Elizabeth (Ebbie) Stewart, M.D., chair of Reproductive Endocrinology at Mayo Clinic, says the woman has several options, but determining her best option is guided by her symptoms, the size, number and location of the fibroids, as well as where she is in her reproductive life span.
“Uterine-conserving therapy should be an available option for women even if there is no plan for childbearing,” says Dr. Stewart, a uterine fibroid researcher. “Although myomectomy, a surgical procedure to remove uterine fibroids, is the traditional alternative to hysterectomy, there are other options for medical and interventional treatment. Before determining which alternative therapy may be an option, the symptoms caused by fibroids must first be assessed.”
Alternative treatment options include:
Therapies for isolated heavy menstrual bleeding
- Tranexamic acid, an oral antifibrinolytic agent that is taken only on the days of heavy menstrual bleeding, decreases bleeding and improves quality of life with minimal side effects.
- A levonorgestrel-releasing intrauterine device (IUD) or oral contraceptives, decreases menstrual bleeding and provides contraception.
- Hysteroscopic myomectomy, an outpatient surgical procedure that allows the woman to return to work within a few days and increases the potential for clinical pregnancy. This is only an option for women with submucosal fibroids.
- Endometrial ablation, uses heat, cold or mechanical means to destroy the endometrium and thus reduces menstrual bleeding. Ablation is only an option for women who have completed childbearing.
Therapies for women where the size of the fibroid(s) causes symptoms
- Gonadotropin-releasing hormone agonists (GnRH-a), medications that turn off the ovaries’ production of hormones, which reduces menstrual bleeding and causes considerable reduction in uterine volume. They are only useful for six months or less of treatment.
- Progesterone-receptor modulators block the action of the ovarian hormone progesterone and decrease fibroid symptoms and reduce fibroid volume but are currently not available in the United States.
- Uterine artery embolization, a minimally invasive interventional radiologic technique that has been shown in randomized trials to result in quality of life that is similar to that after surgery, with shorter hospital stays and less time to resumption of usual activities.
- MRI-guided, focused ultrasound surgery, a fibroid-specific therapy that uses ultrasound thermal ablation to treat fibroids with no incisions and no hospital stay.
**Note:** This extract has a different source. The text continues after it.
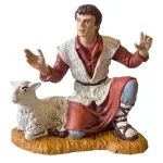 PVC kneeling shepherd with sheep, 15 cm, depicted beside the animal with raised hands in a gesture of devotion. The figure is shown in a kneeling position, with a natural posture that recalls pastoral scenes and the care of the flock. The details of the sheep and the fully painted clothing make the composition realistic and harmonious. Ideal for placement within the Nativity scene, helping to create an atmosphere of reflection and spirituality.

- Radio frequency ablation during laparoscopy is useful for destruction of fibroids during laparoscopy that would be difficult to remove in this minimally invasive way.
“It is extremely important for women to know the options available for treatment of uterine fibroids,” says Dr. Stewart. “Equally important is the need to continue to study fibroids to assist in developing better treatments.”
To that end, Mayo Clinic is leading an effort to compare treatments for uterine fibroids. Comparing Options for Management: Patient-Centered Outcomes for Uterine Fibroids (COMPARE-UF) is a voluntary registry of 10,000 women with uterine fibroids funded by the Patient-Centered Outcomes Research Institute (PCORI) and the Agency for Healthcare Research and Quality (AHRQ). COMPARE-UF seeks to answer questions that matter most to patients with fibroids when considering the pros and cons of different treatment options. To help women make these decisions, COMPARE-UF will collect information from participants about their medical history, planned and previous treatment for their fibroids, current symptoms and quality of life.